Мэт попросил Моргана прислать фото, которое он бы мог показать Кэри, чтобы соблазнить её его большим членом. Но когда он показал ей изображение, Кэри не обрадовалась, а испугалась. Когда-то лишь вступив на женский путь, ещё до Мэта, Кэри приняла в себя подобного гиганта, который пронзил её болью. С тех пор вожделенные женщинами размеры вовсе не привлекали, а страшили Кэри, тем более, что её влагалище было практически бесчувственным и лишь клитор давал ей необходимую отраду.

Тем не менее лицо и тело Моргана понравились Кэри, и она согласилась выслушивать успокоения Мэта, что, мол, всё зависит не столько от размеров, сколько от исполнения, а Морган будет нежен и осторожен, и у Кэри не появится боли там, где должно пребывать только наслаждение.

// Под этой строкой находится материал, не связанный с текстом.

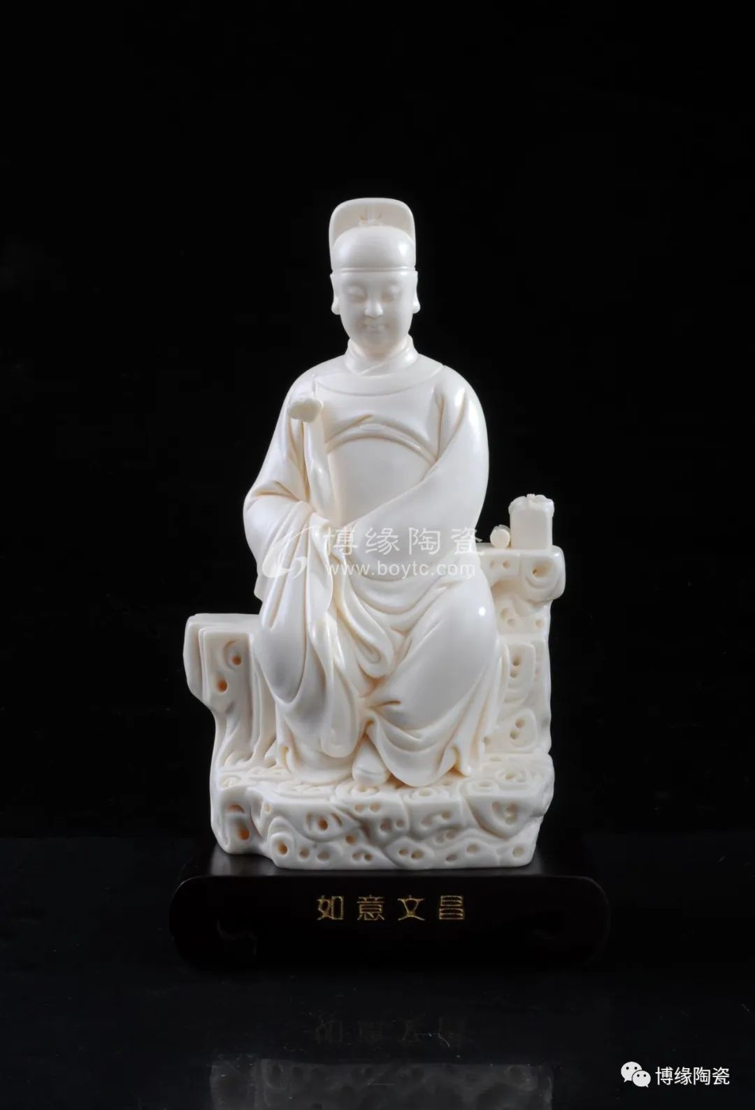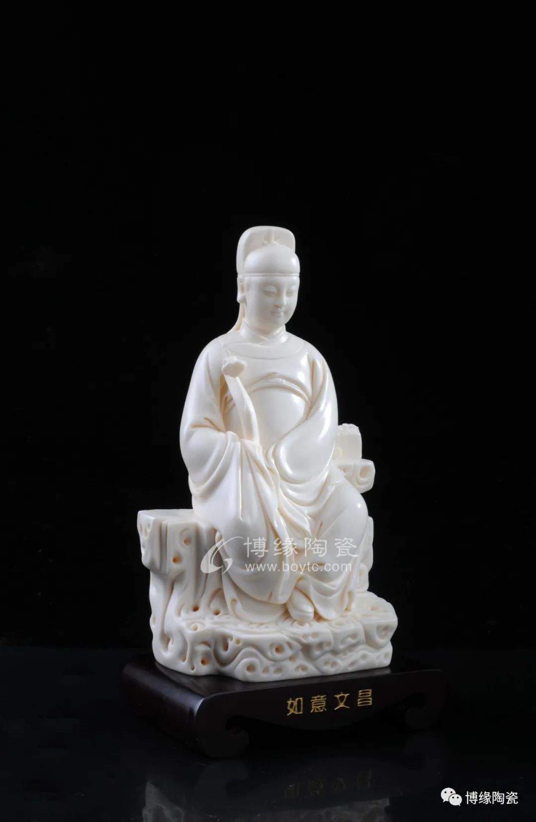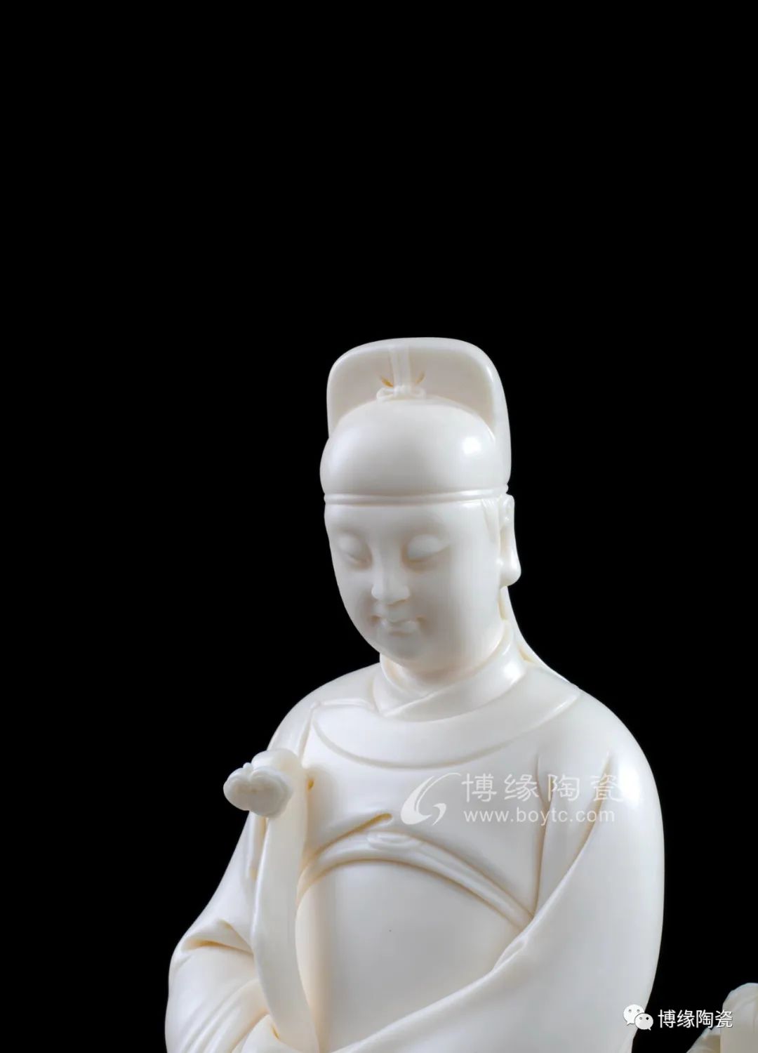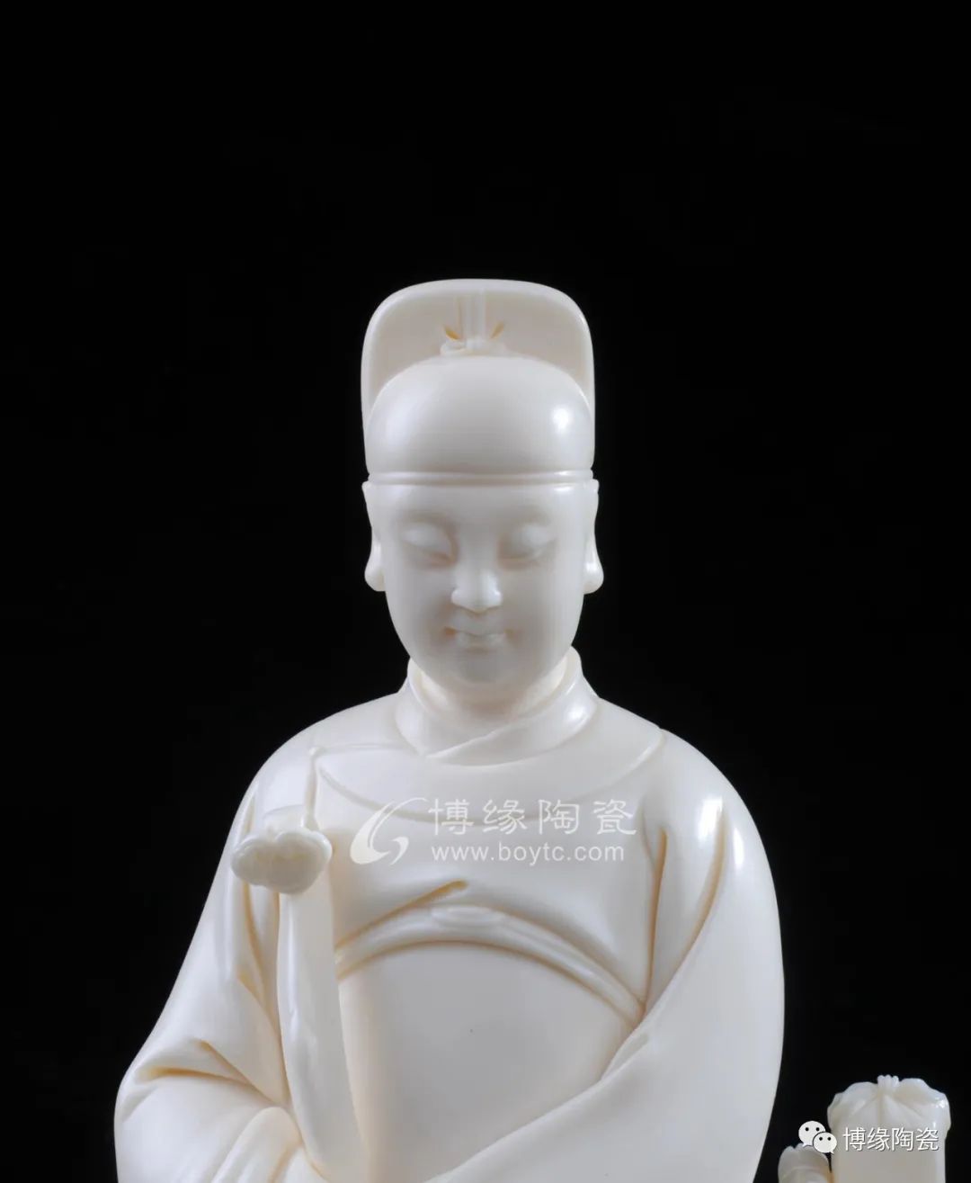 文昌帝君和藹慈祥即體現(xiàn)德化優(yōu)秀的傳統(tǒng)技法又融入許家家傳的“山湖祖”精雕細(xì)刻的創(chuàng)作手法。

Вместе со своей фотографией Морган также прислал фотографию Тэмми, которая не показалась Кэри конкуренткой, и потому она не противилась участию Тэмми. До сих пор Кэри не испытывала влечения к женщинам, но волны новой похоти выносили её на берег желаний, где проживало множество диковинных для Кэри фантазий.

Мэт бесстрастно воспринял облик Тэмми, которая смотрелась тощей. Но в данном случае для Мэта было важно познакомить Кэри с Морганом, чтобы отвлечь её от себя, а своё наслаждение он так и так получит.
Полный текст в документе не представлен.